Natural History Museum London: Monitoring Digitisation Rates

Click here to expand

Understanding digitisation rates is an essential element to our digitisation project management approach at the NHM. Each day, our digitisers record in a shared spreadsheet the number of specimens they have imaged, the number of database records created and the number of specimens transcribed. Each digitiser also includes the number of minutes spent on these tasks, which allows us to calculate the average time to digitise each specimen.

To monitor our digitisation rates, we use calculations from the Program Evaluation and Review Technique (PERT). For each digitisation project, the minimum (a), maximum (b) and median (m) rates per person per hour are calculated. This is used to calculate a base performance rate (a + 4m + b/6) and standard deviation ((a-b) / 6).

These figures are used to schedule our digitisation projects. We take the base performance rates, alongside an estimate of specimens to be digitised in a particular project, and forecast how many person hours it will take to complete each project with additional contingency built in should estimates be found to be overly conservative. This forecast is particularly helpful if we have a project deadline coming up, as we can use this information to assign enough digitisers to ensure the specimens are digitised on time.

We monitor our digitisation rates for each project on a monthly and quarterly basis, comparing our forecasts to the actual rate. We can then adjust resources if our rates are higher or lower than expected. It also helps us to schedule new digitisation projects, as we have an estimate of when current projects will finish.

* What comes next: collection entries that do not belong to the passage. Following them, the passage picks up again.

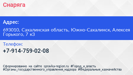Снаряга по адресу 693010, Сахалинская область, Южно-Сахалинск, Алексея Горького, 7 к3 в дальнейшем Организация, размещена в следующих категориях: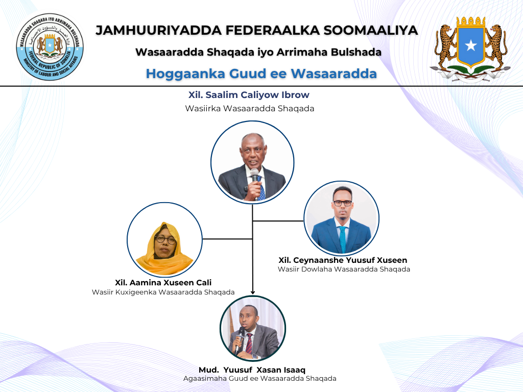 The Ministry of Labor and Social Affairs of the Somali Federal government is mandated to provide policy direction and guidance on all labour administration and vocational training matters. The Ministry is also mandated to protect and develop the labour force to contribute to the socio-economic development of the Somalia Federal Government.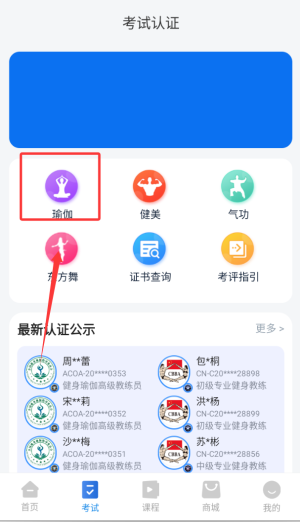 2.进入你所考试的科目,比如瑜伽。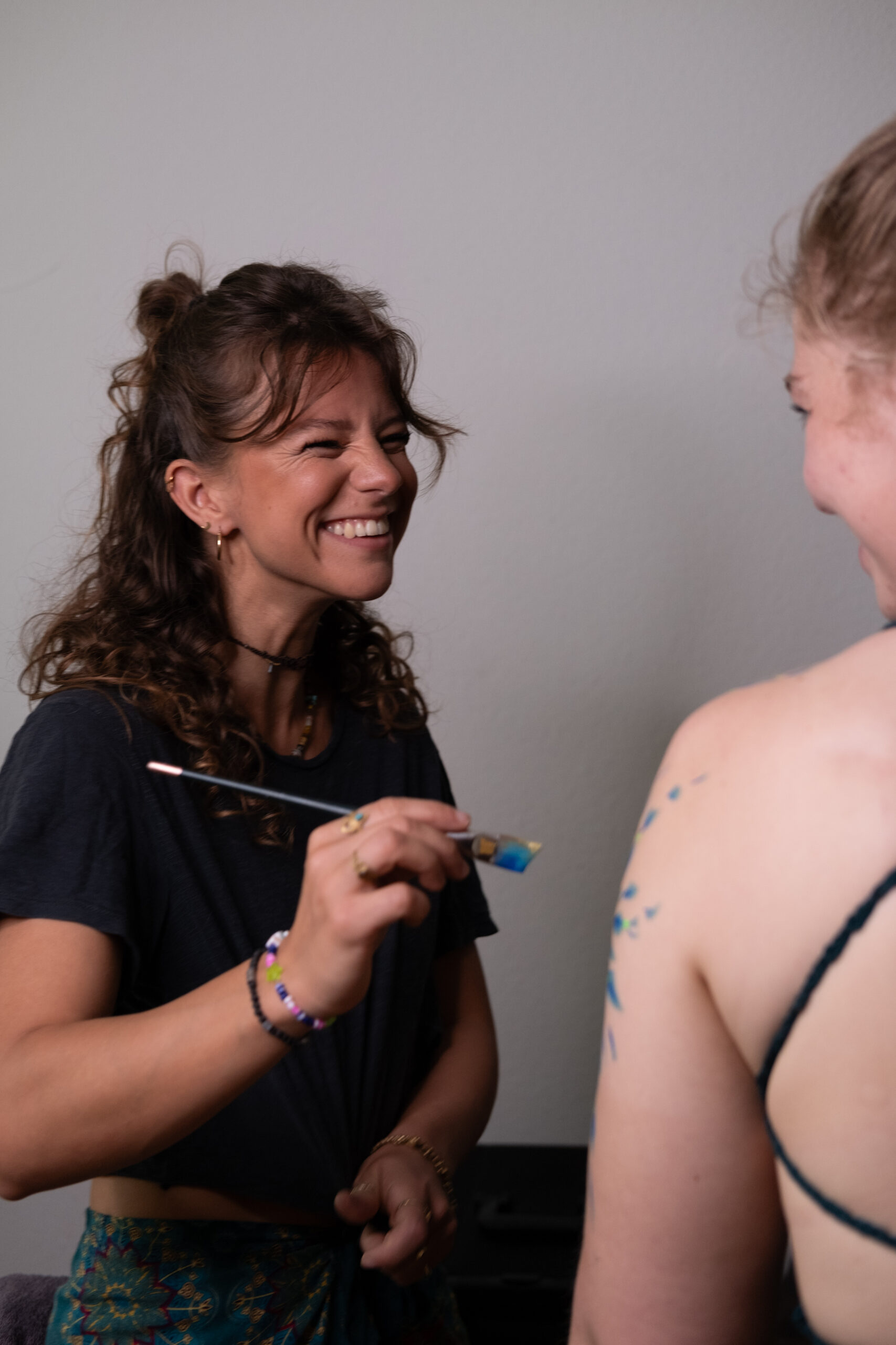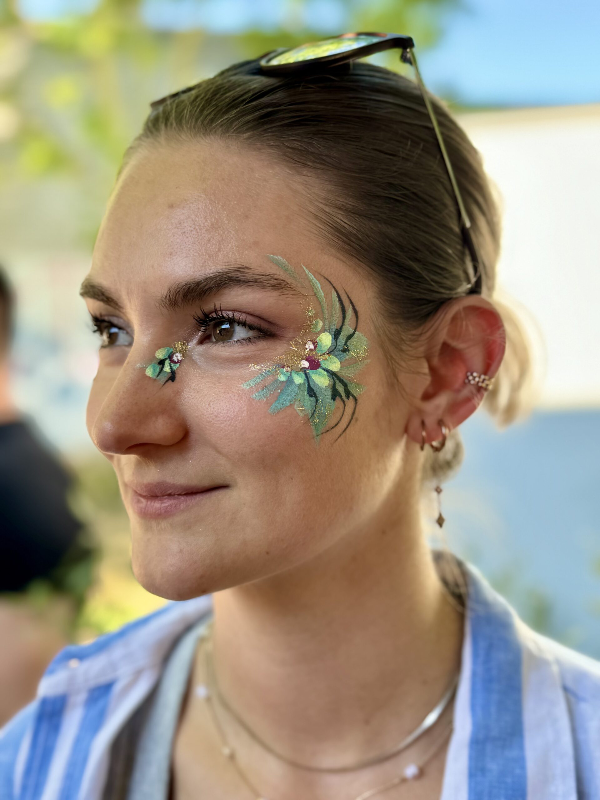 Polterabend Painting Actionmu2025-11-04T15:26:12+01:00 Lass dich und deine Mädels vor der Party Ibiza like bemalen und beglitzern. Bringe deinen Painting- und Glitzercorner zu dir nach Hause oder wo auch immer ihr für längere Zeit seid. Ich freue mich auf deine Nachricht und einen lustigen Nachmittag! anfrage sendenPainting- und Glitzercorner für deinen Polterabend:Bei der Polterabend Painting Action ist inkludiert: Facepaintings und Glitzer im Ibiza Stil für dich und deine Partymäuse Auf dich abgestimmt. Je nach Wunsch edel mit weißen, silbernen und goldenen Elementen oder mit knallig bunten neon Farben. Bis zu 12 Personen Ich komme zu dir nach Hause oder wo auch immer ihr für längere Zeit seid. Materialkosten und Anfahrt innerhalb Wiens ist bereits inkludiert. Polterabend Painting Action€250*Facepainting- und Glitzer- StylingDauer max 2 StundenBis zu 12 PersonenKleines Brautgeschenk*exkl. Anreise-Kosten von € 0,50 pro km (außerhalb Wiens) anfrage senden

Museum für Naturkunde Berlin: Monitoring in Two Collection Digitisation Processes

Click here to expand

As part of the ongoing construction work, the historical bird hall of the MfN Berlin is being emptied. The hall contains approximately 11,000 mounted specimens, ranging from hummingbirds to ostriches. The process includes cleaning, repairing and labelling of the objects, followed by imaging and packing in transportation boxes. As the individual process steps require different amounts of time and expertise, the process runs asynchronously. After cleaning, specimens are temporarily stored and then collected by the digitisation team. After the imaging process, the specimens are temporarily stored again before being packed into transportation boxes. The imaging process takes place once a week and is dependent on the rate of cleaning and restoration. Therefore, the amount of birds being digitised greatly varies (between 16 and 276), with an average of 145 per week.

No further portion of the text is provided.